# AVAILABLE DATA
- Opening Delimiter -
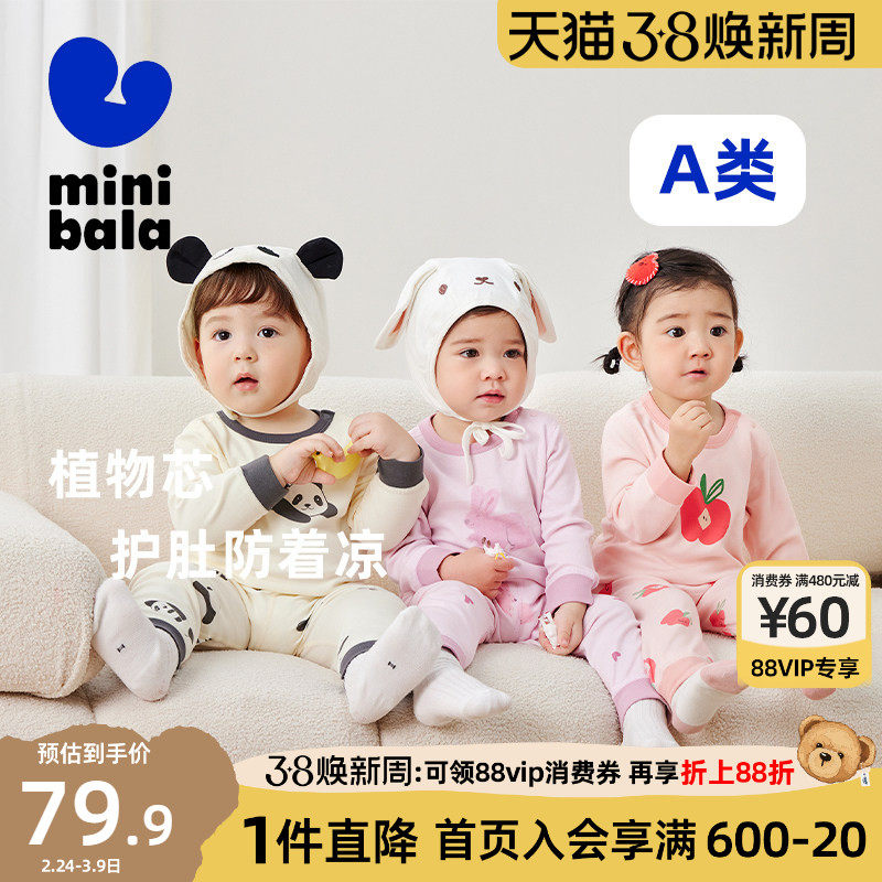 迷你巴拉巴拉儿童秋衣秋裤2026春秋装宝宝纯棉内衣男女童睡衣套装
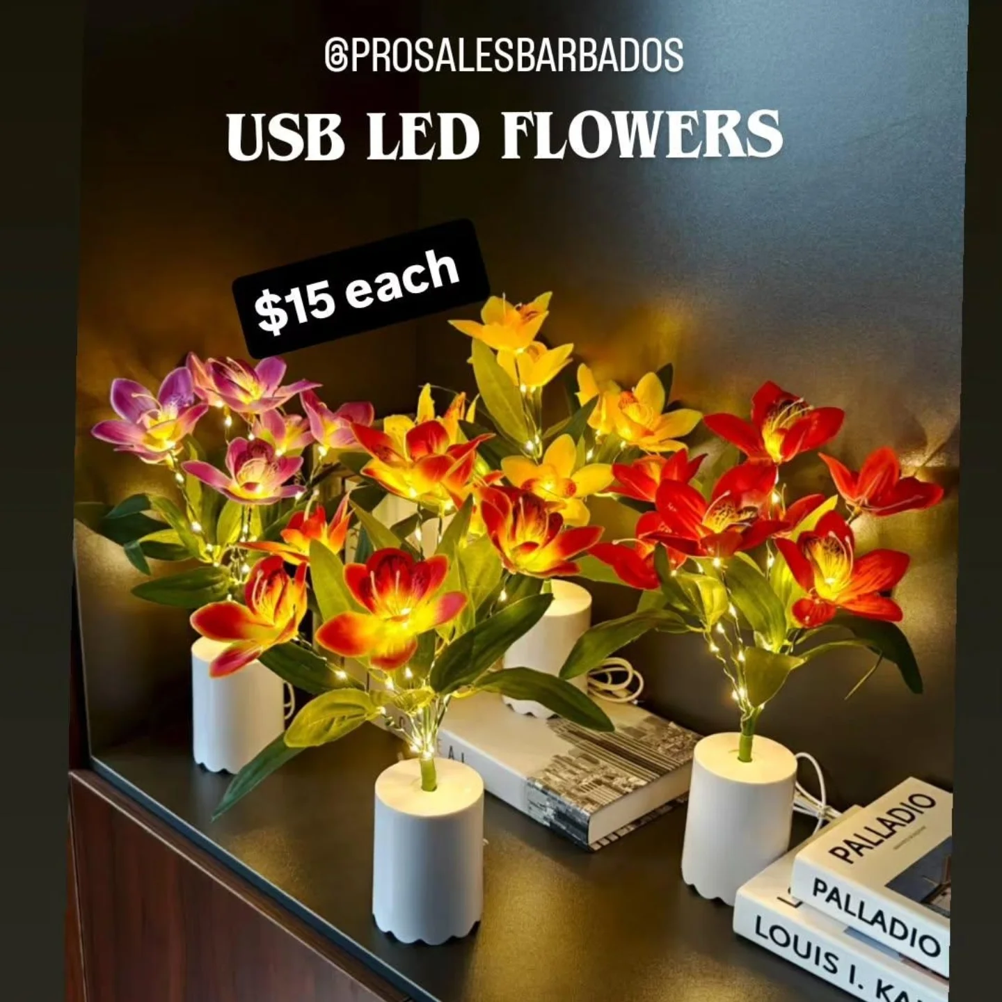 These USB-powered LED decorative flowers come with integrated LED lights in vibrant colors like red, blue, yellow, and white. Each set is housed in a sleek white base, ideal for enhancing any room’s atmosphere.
- Closing Delimiter -
- Opening Delimiter -
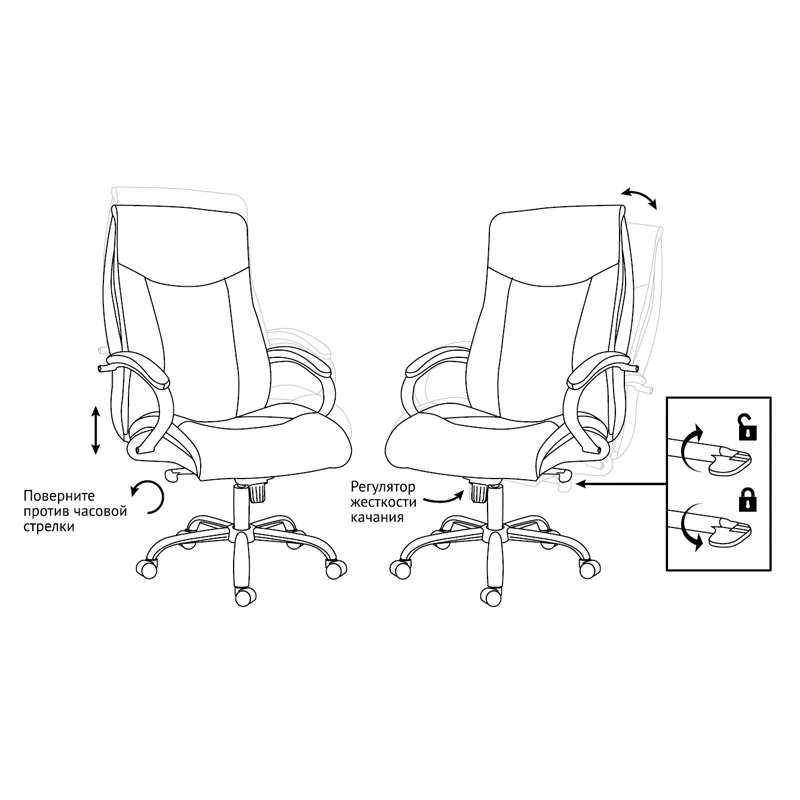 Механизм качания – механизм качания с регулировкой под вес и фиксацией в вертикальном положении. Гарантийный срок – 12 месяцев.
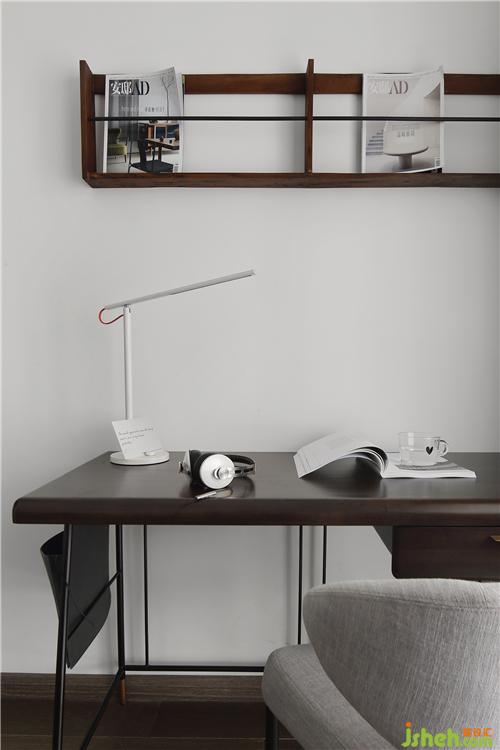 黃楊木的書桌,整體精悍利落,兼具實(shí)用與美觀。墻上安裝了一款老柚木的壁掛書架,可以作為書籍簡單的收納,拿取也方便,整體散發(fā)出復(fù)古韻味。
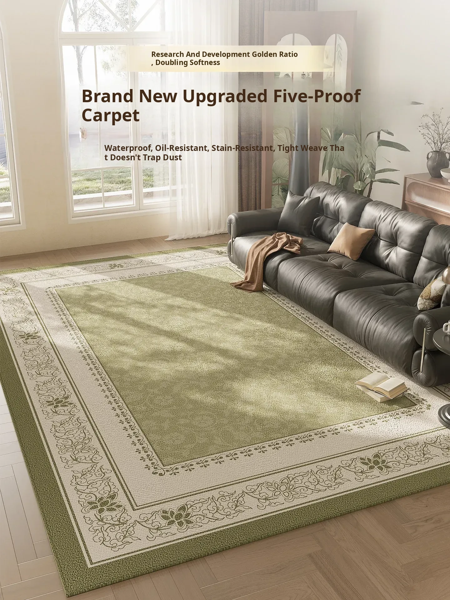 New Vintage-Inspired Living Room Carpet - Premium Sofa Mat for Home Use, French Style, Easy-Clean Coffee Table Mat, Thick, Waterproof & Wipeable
- Closing Delimiter -
- Opening Delimiter -
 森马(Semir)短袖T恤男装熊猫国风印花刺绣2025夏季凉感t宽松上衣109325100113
- Closing Delimiter -
Keep to the lines above from the line with "迷你巴拉巴拉儿童秋衣秋裤2026春秋装宝宝纯棉内衣男女童睡衣套装" to the line with "These USB-powered LED", and set down exactly those, inclusive, with nothing else and every picture left out.

# ANSWER AREA
 迷你巴拉巴拉儿童秋衣秋裤2026春秋装宝宝纯棉内衣男女童睡衣套装
 These USB-powered LED decorative flowers come with integrated LED lights in vibrant colors like red, blue, yellow, and white. Each set is housed in a sleek white base, ideal for enhancing any room’s atmosphere.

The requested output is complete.